Hello, I'm a beginner of bioPerl, I have two sequence files in FASTA format, in which there are a lot of similar sequence. I want to extract only different sequences and eventually to know if they come from file1 or file2. Thanks fo help. Marco
Hello, I'm a beginner of bioPerl, I have two sequence files in FASTA format, in which there are a lot of similar sequence. I want to extract only different sequences and eventually to know if they come from file1 or file2. Thanks fo help.
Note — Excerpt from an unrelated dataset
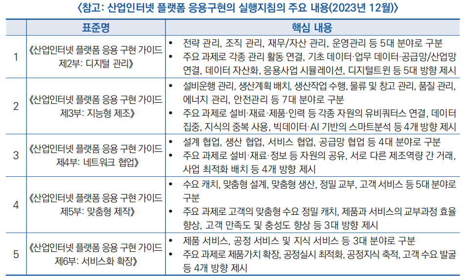 □ 이번에 제정된 표준의 경우, 2022년 10월에 발표된 《산업인터넷 플랫폼 기업 응용수준 및 실적 평가》와 《산업인터넷 플랫폼 응용 구현 가이드 : 제1부 총칙》, 2023년 12월에 발표된 실행지침의 후속 작업에 해당되며, 향후 산업별 디지털 관리, 지능형 제조, 네트워크 협업, 맞춤형 제작, 서비스화 확장 등 산업의 디지털전환과 플랫폼화를 가속화시킬 수 있는 추가적인 국가 표준이 공표될 것으로 전망
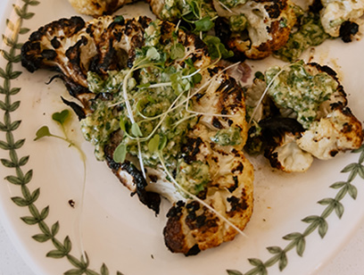 3. Sauce chimichurri : Ajoutez le tout dans un batteur électrique. Mélanger jusqu'à ce que le tout soit bien haché. Servir sur le chou-fleur grillé accompagné de germes.

Marco
I am assuming that by similar sequence you mean same ID.
Bioperl or not, you need to go through both files, take a note of IDs, and then test if the ID was in one or two sequences and act accordingly.
If you can fit all the data in memory, the easiest and most perlish thing is to read everything, filename, ID and sequence, into a hash and then query the hash. If you expect to be dealing with huge data sets, it is best to leave sequences out and deal with IDs and filenames only. When you know the subset you are interested in, you can go through sequence files again. Alternatively, you can create a database out of sequences that allows random access to the data.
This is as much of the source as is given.